→ **Requirement**: Set down the full listing below word for word; pictures stay out of the copy.

:: Data block ::

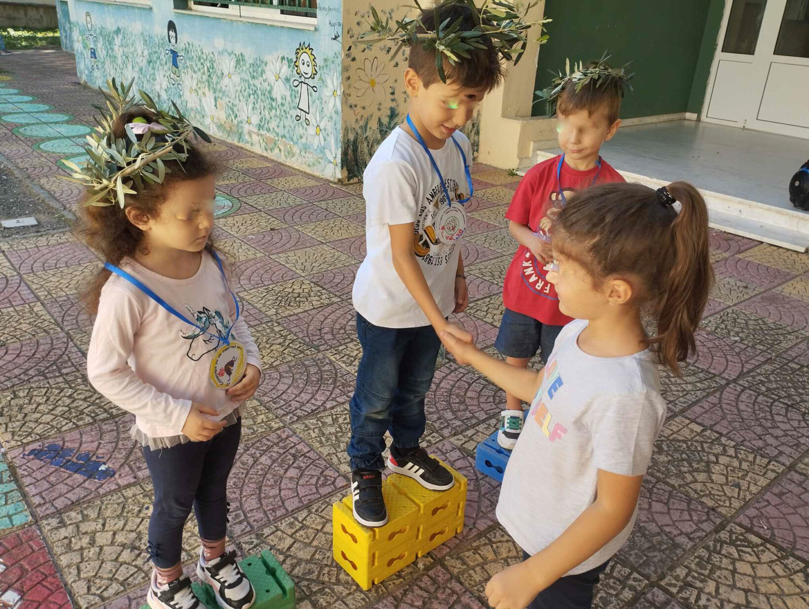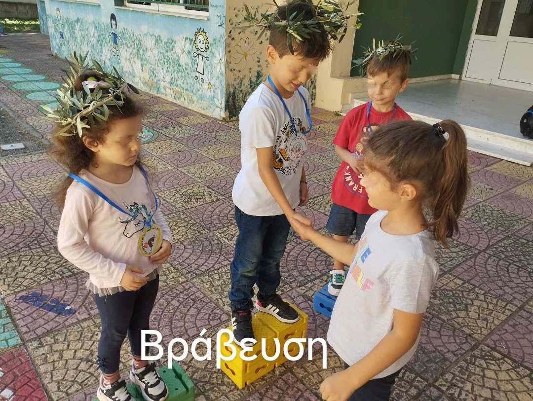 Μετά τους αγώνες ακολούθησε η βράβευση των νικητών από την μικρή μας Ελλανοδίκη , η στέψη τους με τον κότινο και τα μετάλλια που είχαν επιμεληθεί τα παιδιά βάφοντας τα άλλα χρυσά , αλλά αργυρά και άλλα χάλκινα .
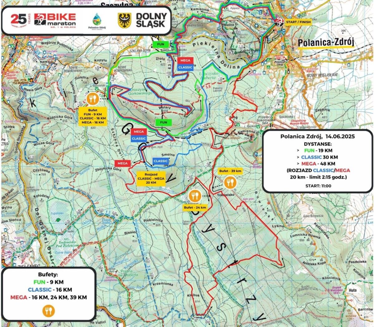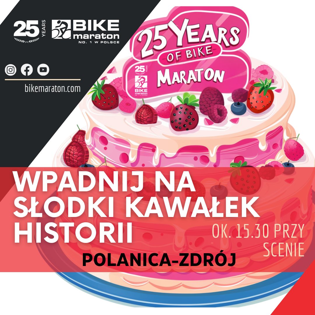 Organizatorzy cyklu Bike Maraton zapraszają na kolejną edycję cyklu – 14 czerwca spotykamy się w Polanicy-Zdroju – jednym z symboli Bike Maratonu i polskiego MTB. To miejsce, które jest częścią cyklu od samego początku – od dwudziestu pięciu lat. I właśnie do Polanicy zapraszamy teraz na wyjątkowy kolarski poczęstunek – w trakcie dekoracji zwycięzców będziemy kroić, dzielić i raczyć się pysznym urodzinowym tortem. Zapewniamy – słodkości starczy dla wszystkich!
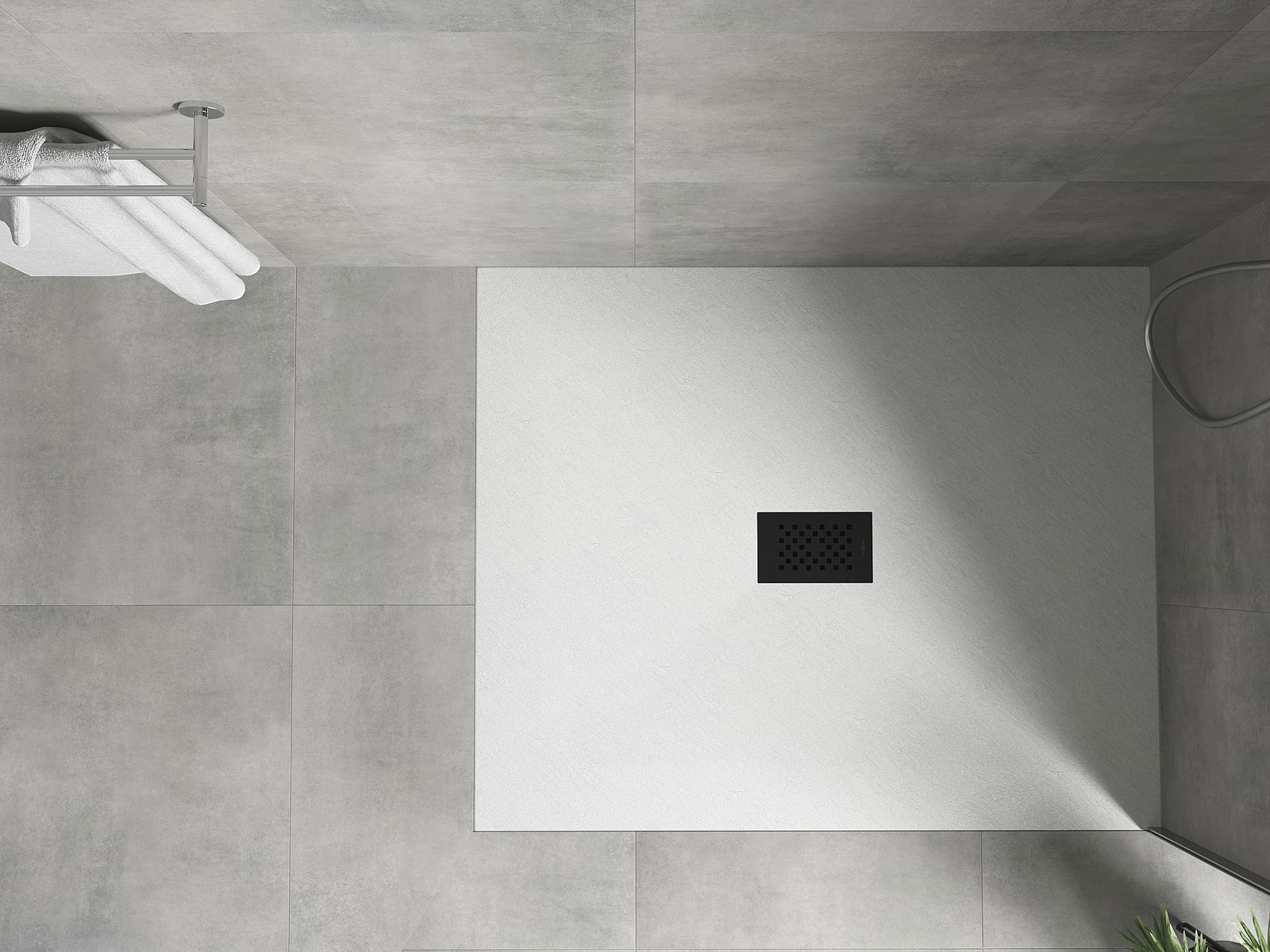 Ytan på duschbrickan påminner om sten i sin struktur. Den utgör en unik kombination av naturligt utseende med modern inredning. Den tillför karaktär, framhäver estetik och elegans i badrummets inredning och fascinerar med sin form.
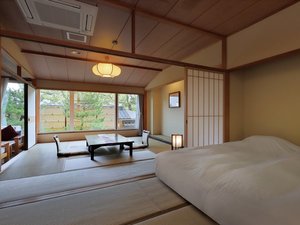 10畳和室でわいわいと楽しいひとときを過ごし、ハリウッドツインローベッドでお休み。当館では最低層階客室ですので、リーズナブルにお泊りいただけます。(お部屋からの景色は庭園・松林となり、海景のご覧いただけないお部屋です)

:::

→ **Finished exercise**:
 Μετά τους αγώνες ακολούθησε η βράβευση των νικητών από την μικρή μας Ελλανοδίκη , η στέψη τους με τον κότινο και τα μετάλλια που είχαν επιμεληθεί τα παιδιά βάφοντας τα άλλα χρυσά , αλλά αργυρά και άλλα χάλκινα .
 Organizatorzy cyklu Bike Maraton zapraszają na kolejną edycję cyklu – 14 czerwca spotykamy się w Polanicy-Zdroju – jednym z symboli Bike Maratonu i polskiego MTB. To miejsce, które jest częścią cyklu od samego początku – od dwudziestu pięciu lat. I właśnie do Polanicy zapraszamy teraz na wyjątkowy kolarski poczęstunek – w trakcie dekoracji zwycięzców będziemy kroić, dzielić i raczyć się pysznym urodzinowym tortem. Zapewniamy – słodkości starczy dla wszystkich!
 Ytan på duschbrickan påminner om sten i sin struktur. Den utgör en unik kombination av naturligt utseende med modern inredning. Den tillför karaktär, framhäver estetik och elegans i badrummets inredning och fascinerar med sin form.
 10畳和室でわいわいと楽しいひとときを過ごし、ハリウッドツインローベッドでお休み。当館では最低層階客室ですので、リーズナブルにお泊りいただけます。(お部屋からの景色は庭園・松林となり、海景のご覧いただけないお部屋です)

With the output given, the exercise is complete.